Historically, the majority of recruitment was done and conducted through line managers, but over the last few years the growing trend for larger businesses in particular has been to filter recruitment through their own internal function. With this change in process, we are also seeing a need for our candidates to adapt their cover letters and resumes accordingly. Let me confirm though, this adaptation of the resume is not designed to get a candidate a role and manipulate information; it is purely designed to prioritise and reformat the most applicable parts of a candidates background to the right audience.

In our world of SAP, candidate resumes are packed full of acronyms, abbreviations and what seem to be a full alphabet of modules and specialisations. All of this detail is extremely important to managers working in an SAP project, as it tells them exactly where to put the candidate and the function they will be doing. However, to a recruitment professional, it can be easy to get lost in all of this detail, and could cause a candidates application to not make it through the ‘paper sift’ due to a poor layout and/or not explaining the culture / personality side of a candidate that is also fundamental to most businesses in 2015.

So, what areas of your resume could you improve upon to ensure it ticks more of the boxes for a company in my opinion:

Recent Experience

When it comes to your work history, always place your most current position first, and then work back in chronological order, and in reality, the last 10 years should be enough experience for a company to review, and makes it easier for them to see the more relevant information quicker. When you list your role responsibilities it’s important to say ‘I did’ this and that instead of ‘we did’ – you want to demonstrate your achievements, not your previous team achievements.

Education

Always list your full education history, be honest and accurate. The college grades do not need to be there, but any qualification / degree / masters actually awarded should be.

Industry

If you are applying for a role in the same industry as the one you are working, absolutely state this in your cover letter very early. An ever increasing number of companies especially over recent times absolutely want industry experience to fit in quicker and in their mind, you will have a better chance of success.

Culture fit

This in reality is the most important point. Recruiters and HR alike are employed to find the best talent in the market. You will have already stated your credentials and work experience in SAP, but where is the element that demonstrates a potential culture fit for their company? Include hobbies and interests as a start, but also give an example of teamwork, or going above and beyond to help others, or how you communicate effectively across divisions.
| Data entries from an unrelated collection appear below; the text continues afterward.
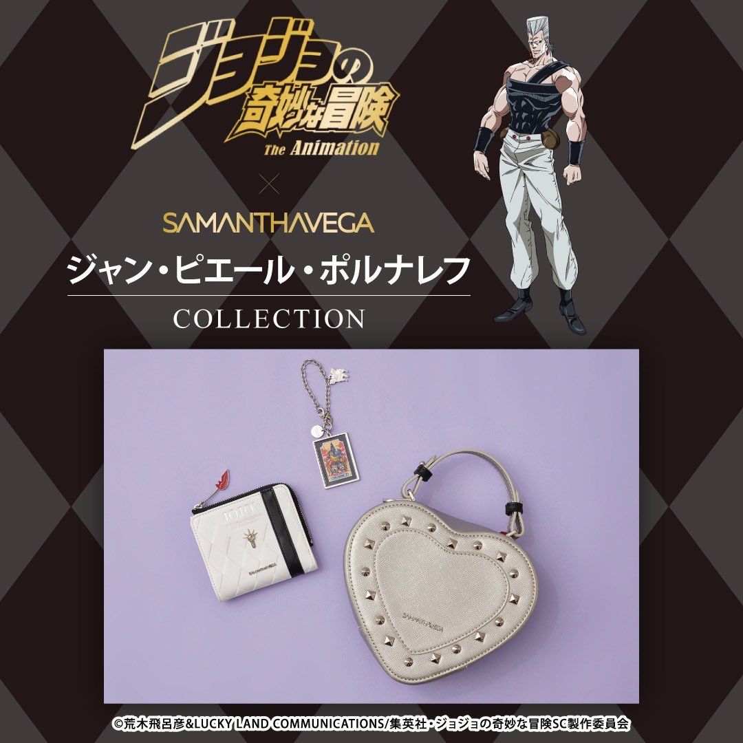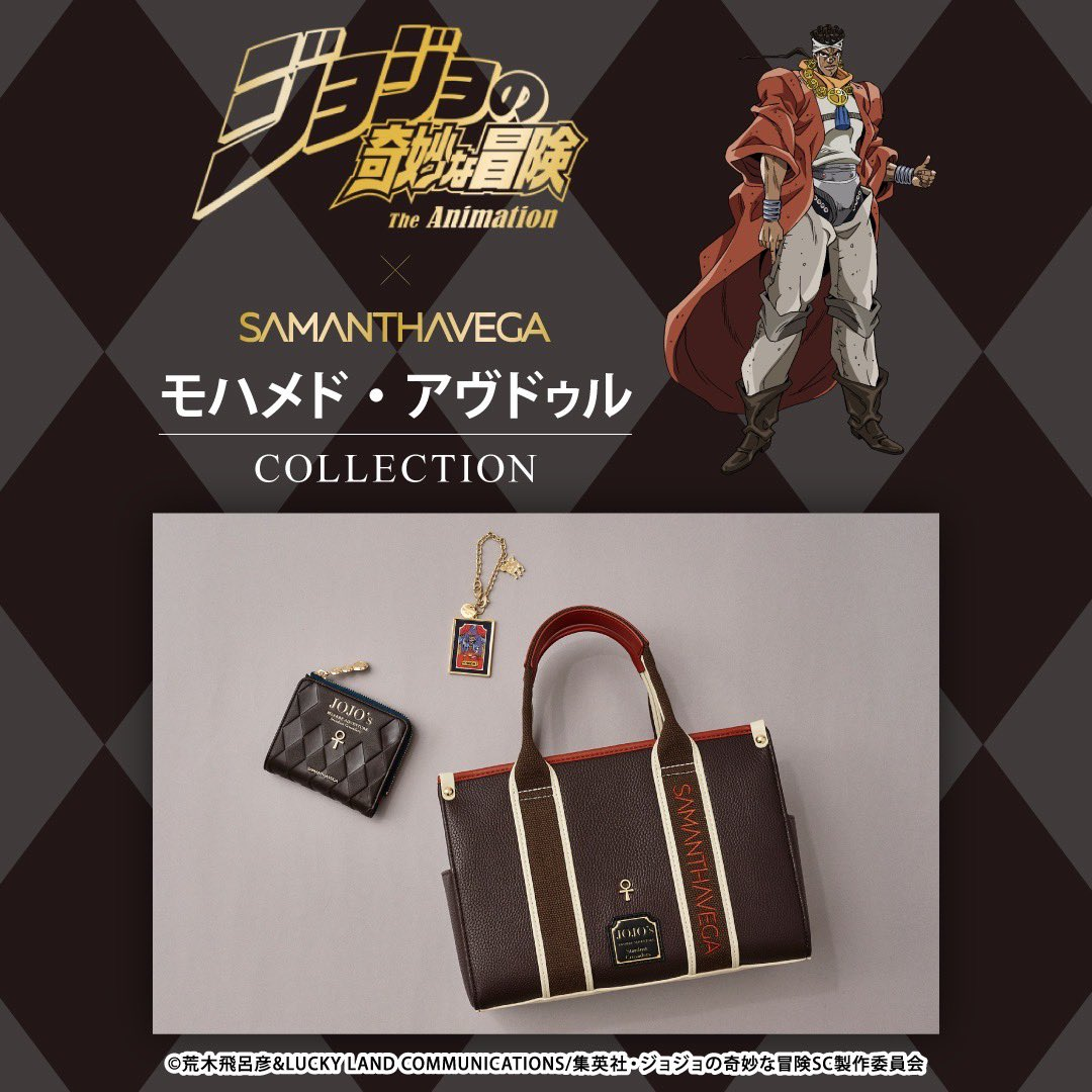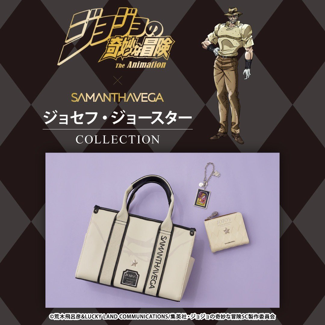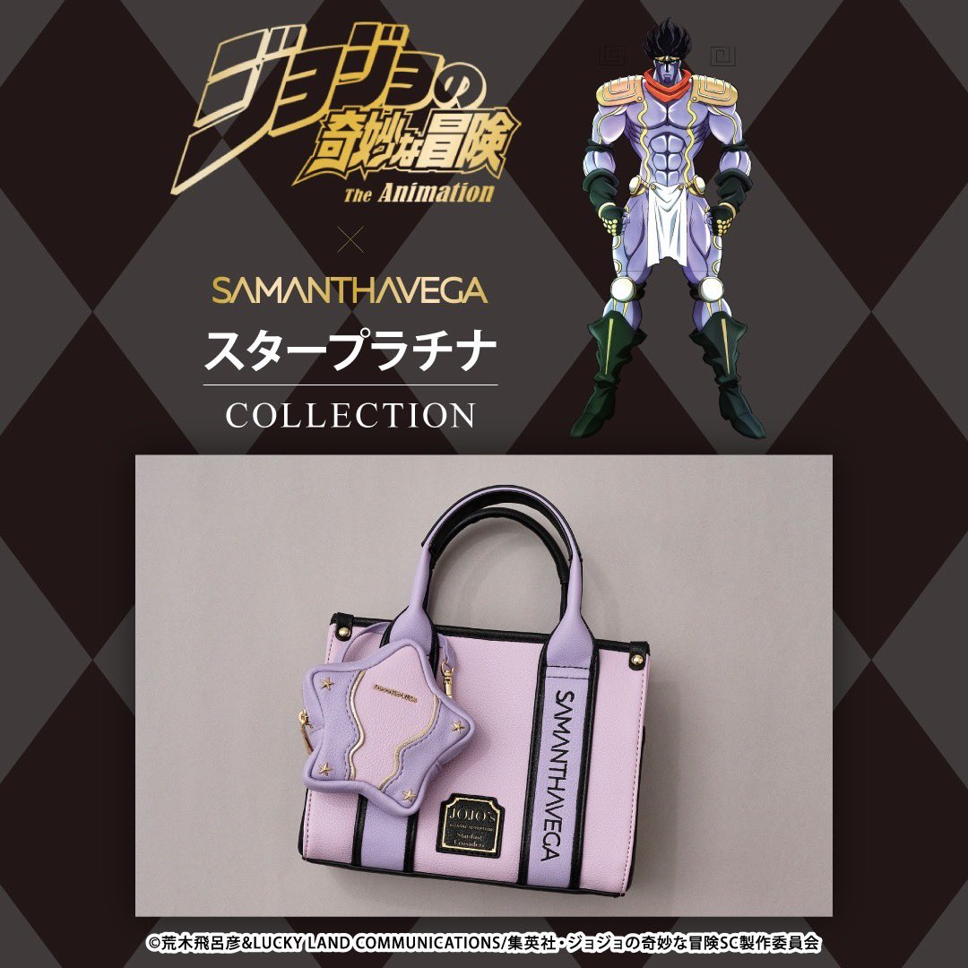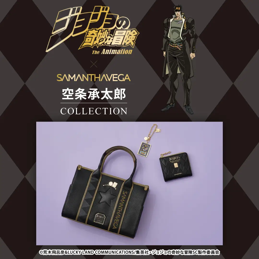 風靡國際時尚圈深受巨星、超模愛戴的日本精品 Samanth Thavasa,旗下子品牌多為女性用品為主,近日旗下子品牌 SAMANTHAVEGA 先前曾與《JoJo的奇妙冒險 黃金之風》&《JoJo的奇妙冒險 不滅鑽石》合作一系列包款。
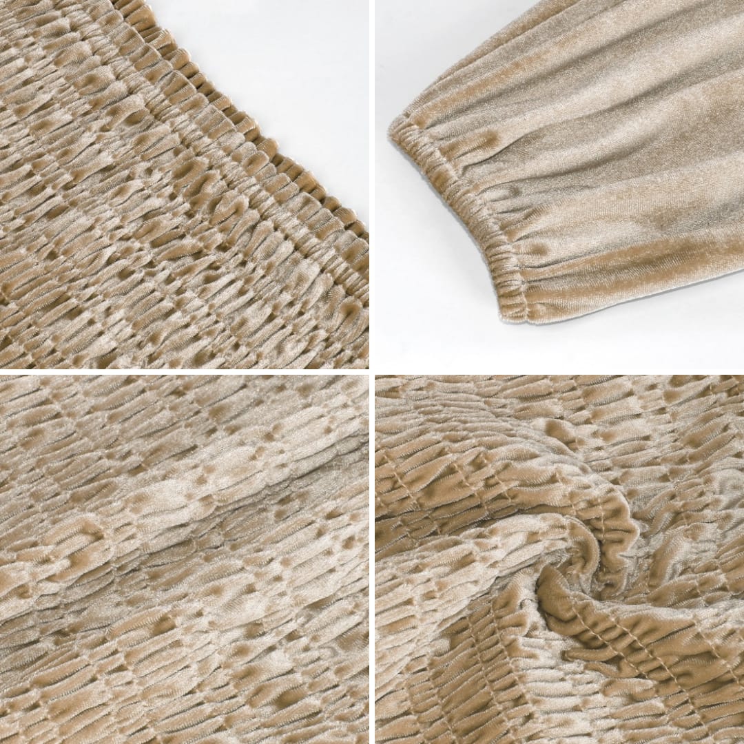 Pleated U-Neck Long Sleeve Suede Top
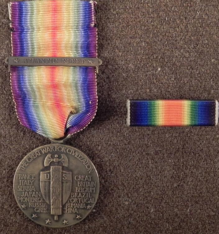 OFFERED HERE IS AN ORIGINAL WWI U.S. VICTORY MEDAL & RIBBON BAR- ATLANTIC FLEET BAR. THIS IS A GREAT WAR FOR CIVILIZATION MEDAL. *

The vast majority of roles nowadays are not in business silos, and will require excellent communication skills, even in technical SAP roles – so show it.

Cover Letter

Always include one, always!

This is the real opportunity to tell a recruiter for a company why you feel you are a fit for the specific role applied for – so tell them.

They often say you have 10-20 seconds for a recruiter to review your resume, so leave the majority of the SAP speak and career history in the resume, and pack the cover letter with ‘personality’ and ‘feel’.

There are many more ways to explain your career history to someone, but without understanding who is reviewing the many applicants applying for the roles you want, you may not even get the chance!